# MES  30"  or  40"  ???



## slosmoke (Mar 5, 2008)

Was planning on going to  Cabellas and pick up the 30" SS unit for $250.Friend of mine calls me and says Sams has a 40" for $299.So give me the low down on which one to get.And no I am not gonna get both.Thanks


----------



## lawdog (Mar 5, 2008)

Get the 40", I tried to save alittle money and ordered the 30" and my boss has the 40".  Hands down if I could do it over agin I would have gotten the one from Sam's. IMO

Lawdog


----------



## djohn312 (Mar 5, 2008)

I also have the 30 and wish I would have gotten the 40 just need more space


----------



## desertlites (Mar 5, 2008)

thats a ongoing topic in here-ALWAYS go bigger than the 1 you Were looking at.


----------



## davenh (Mar 5, 2008)

I have the 40" and it suffers some in the winter time. The 30" and 40" have the same heater, it is better sized for the 30". In warmer weather it shouldn't be that significant. If your in a cold climate and want to use it on a cold day the 40 could take longer than the 30 to reach temps. At least that what I see with my 40" MES.


----------



## psychobrew (Mar 5, 2008)

I agree with the downside, but my 40" always reaches temp in freezing weather (as long as I don't open the door).  On the other hand, the 40 might smoke better since the element has to work harder.


----------



## slosmoke (Mar 11, 2008)

So the 30" and 40" have 4 racks in both units and the heater is the same size in both .Only diff is the height ? Someone gave me a product # for the 40"  SS at Sams  916979.So I will give them a ring and see if they have this beast in stock.


----------



## davenh (Mar 11, 2008)

I think the 40" may also be wider by about 6" or so. A full slab of ribs fits on fine the rack.


----------



## mossymo (Mar 11, 2008)

I have the 30" and the 40", if I had to choose one of the two I would say the 40". But I do like having both; I believe Illini has both also. Hopefully he will be along shortly to get his thoughts on this.


----------



## kurtsara (Mar 11, 2008)

I bought the 30" black smoker to save a little money in the begining, but now I spent another $350.00 and the 40" should be here Thursday.

I wanted a second smoker thought about a stick burner but ended up ordering the 40" on Sunday


----------



## illini (Mar 12, 2008)

The latest 40" MES comes with a very nice cover included......they are currently $299 at Sam's....thanks again MossyMo for the heads up.....

If I only were to have one it would be the 40" but the 30" is a very spirited little smoker and superior for some of your smoking endeavers.....

The 40 can be a little short on heating up at times....DaveNH and others have been adding a little charcoal with the wood and have reported exciting results.......Like a smoke ring!!

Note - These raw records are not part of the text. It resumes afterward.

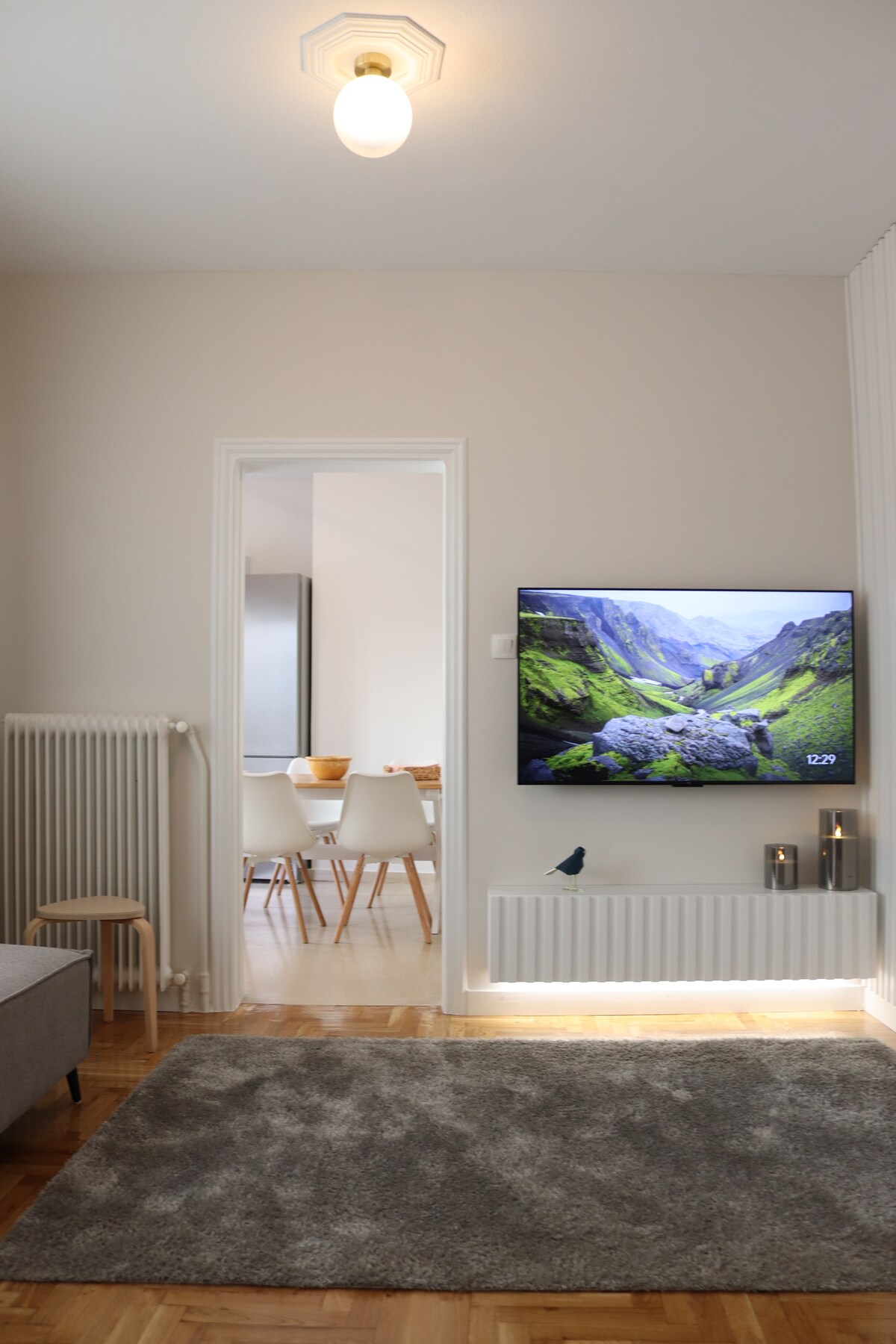 Nasa sentro ng lungsod ang apartment na may dalawang kuwarto at kusina at malapit ka sa lahat ng kailangan mo. Kasabay nito, hindi ka magkakaroon ng anumang problema sa abala at polusyon sa ingay. Tinatanaw nito ang loob na patyo at may balkonahe kung saan puwede mong i - enjoy ang iyong kape nang tahimik at tahimik. Ito ay isang renovated na bahay na may modernong dekorasyon, mainit - init sa taglamig at malamig sa tag - init.
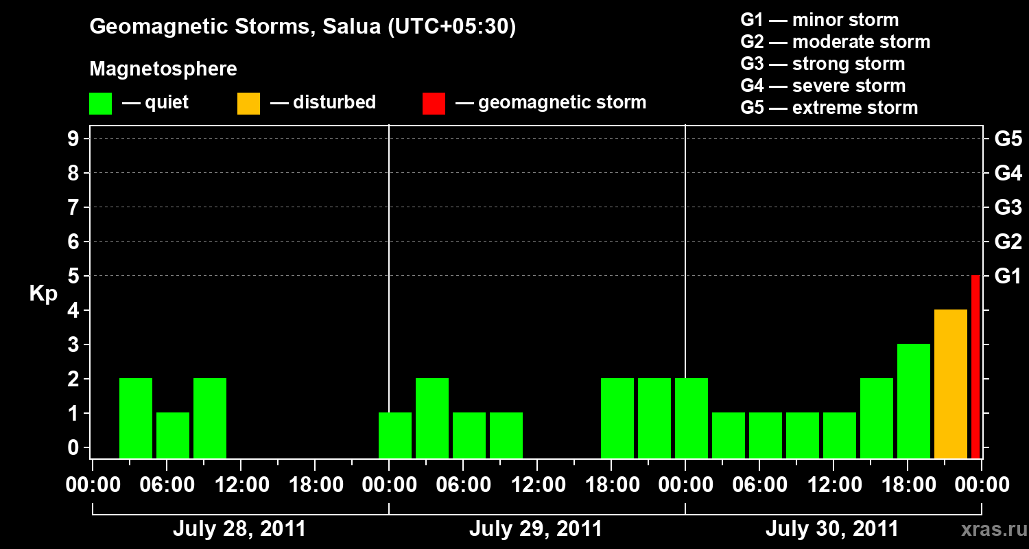 Changes in the geomagnetic index Kp from July 28 to 30, 2011 for mid latitudes
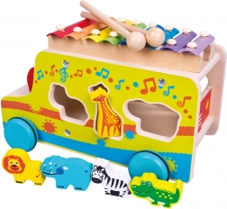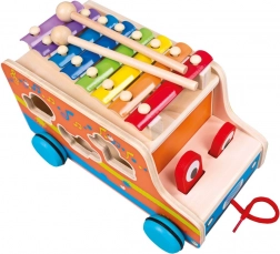 Il giocattolo in legno Bino è il perfetto compagno per ogni bambino. Questo camion serve non solo come giocattolo da traino, ma offre anche un'elemento musicale divertente grazie al xilofono sul tetto con bacchette. Il giocattolo aiuta a sviluppare abilità come il riconoscimento dei colori e delle forme e supporta la coordinazione dei movimenti.
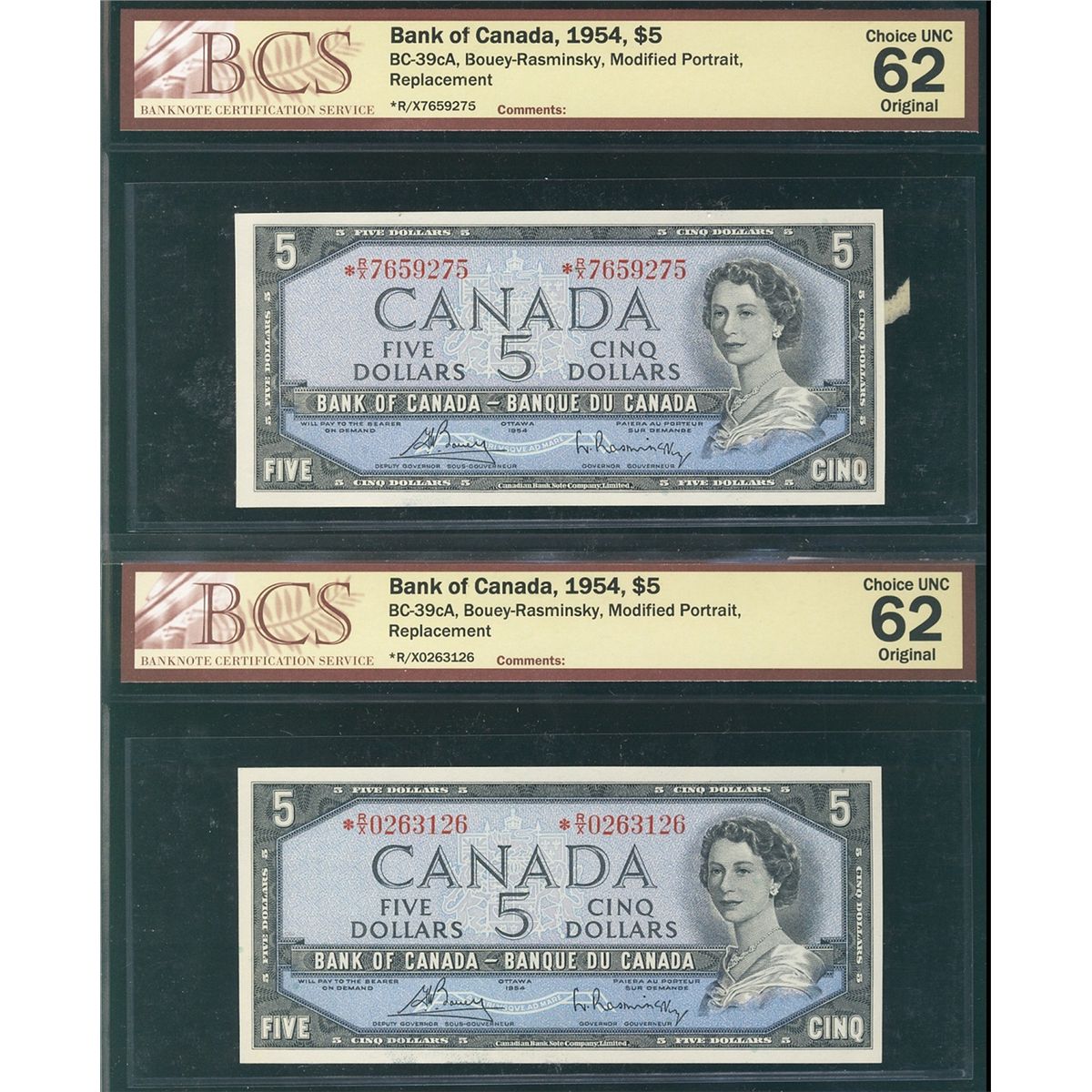 1954 $5 BC-39cA #*RX0263126/76559275 BCS UNC62. Lot of 2 notes.
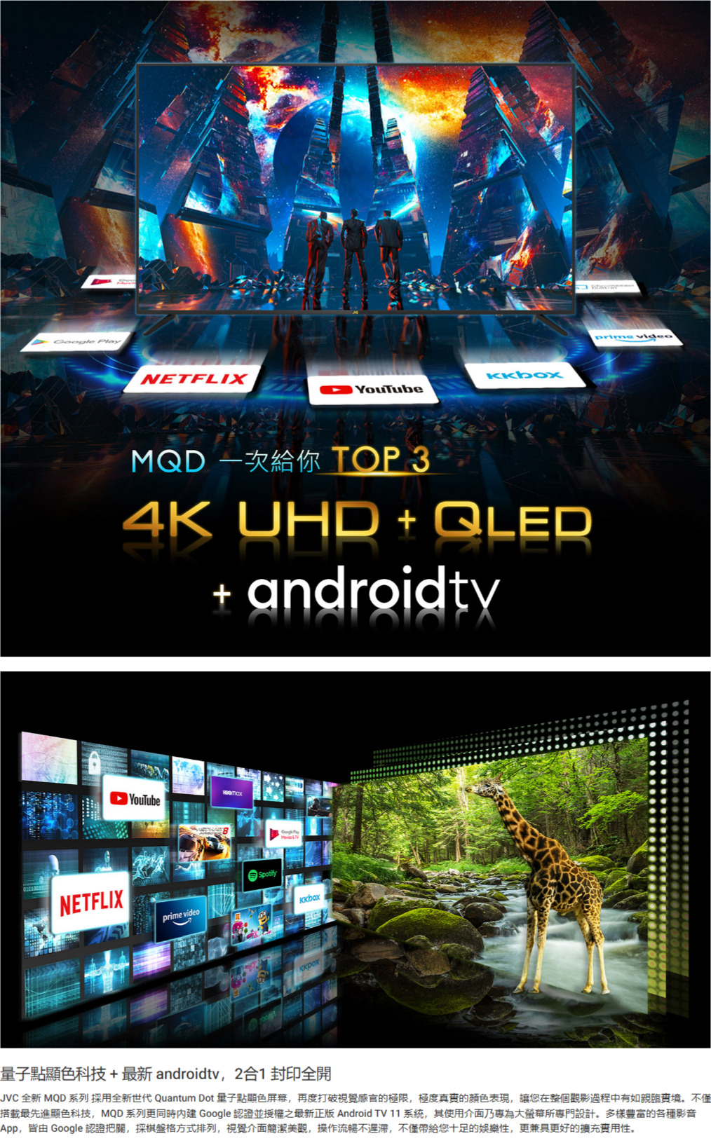 *✨歡迎來電洽詢✨JVC 65吋 4K QLED量子點連網智慧顯示器 65MQD
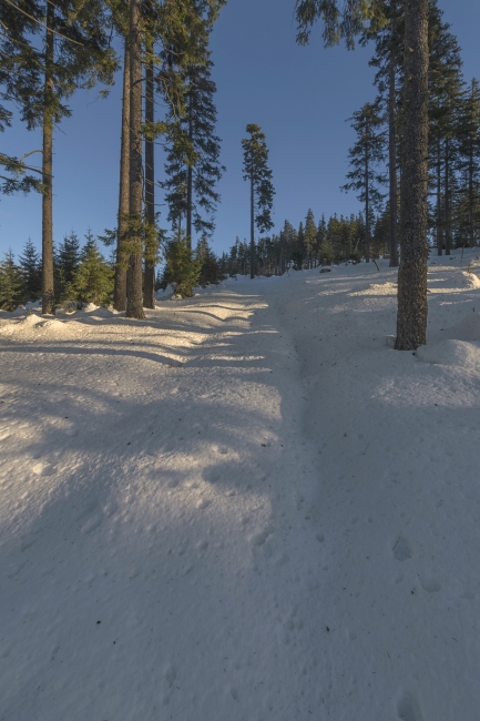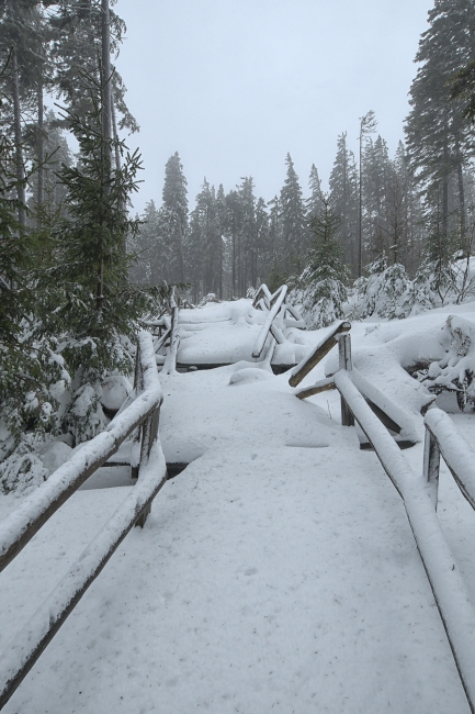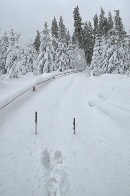 … navíc místy zapadajících do skutečně poctivých závějí, zrovna v těchto boubínských partiích ovšem jinak nepřekvapujících.
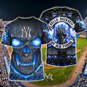 Men / Women New York Yankees Hello Darkness My Old Friend 3D Skull T shirt, T shirt for Yankees Fans, MLB New York Yankees Apparel
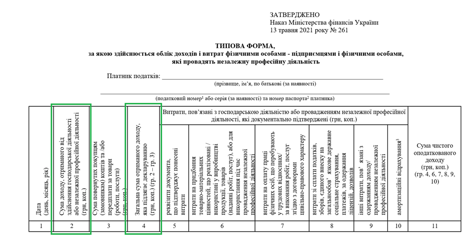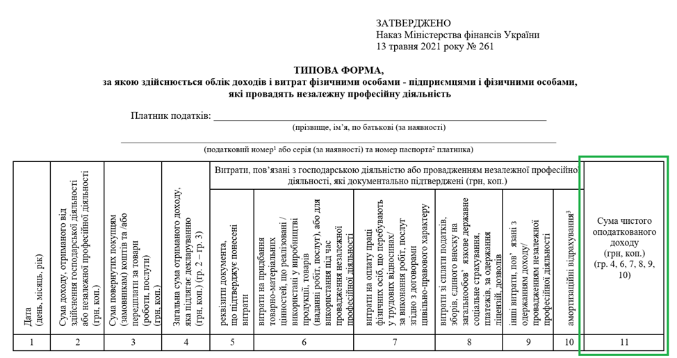 Для підприємців на загальній системі податківці (з подачі Мінфіну) будуть орієнтуватися на показник з графи 11 Типової форми обліку доходів і витрат — саме там фіксується чистий дохід.

The cooking grates are the same depth...about 6" wider which is a major advantage....the vertical height between grates is almost double.......Cant beat the size difference for functionality


----------



## slosmoke (Mar 12, 2008)

So I gave a call to Sams and the woman there tells me that they had 7 units on Sunday.Tuesday it went  down to 4.So now they have 3.I just got back from there with the new 40".I might not get it plugged in till this weekend.Sold for $ 299. and it did come with a cover.Thats about it for now.Thanks for the help.


----------



## davenh (Mar 12, 2008)

Damn..I got the 2007 model at Sams, no cover. Called Masterbuilt to ask about the cover and they don't have any. Make sure to look at the boxes before you grab one because there are old models and new models mixed in there. Probably leftovers from last year. The Club near me is still selling the 2007 model for $299.


----------



## paulbill (Mar 14, 2008)

I am the new owner of a 30" black mes. Really Really considered getting the 40" from Sam's.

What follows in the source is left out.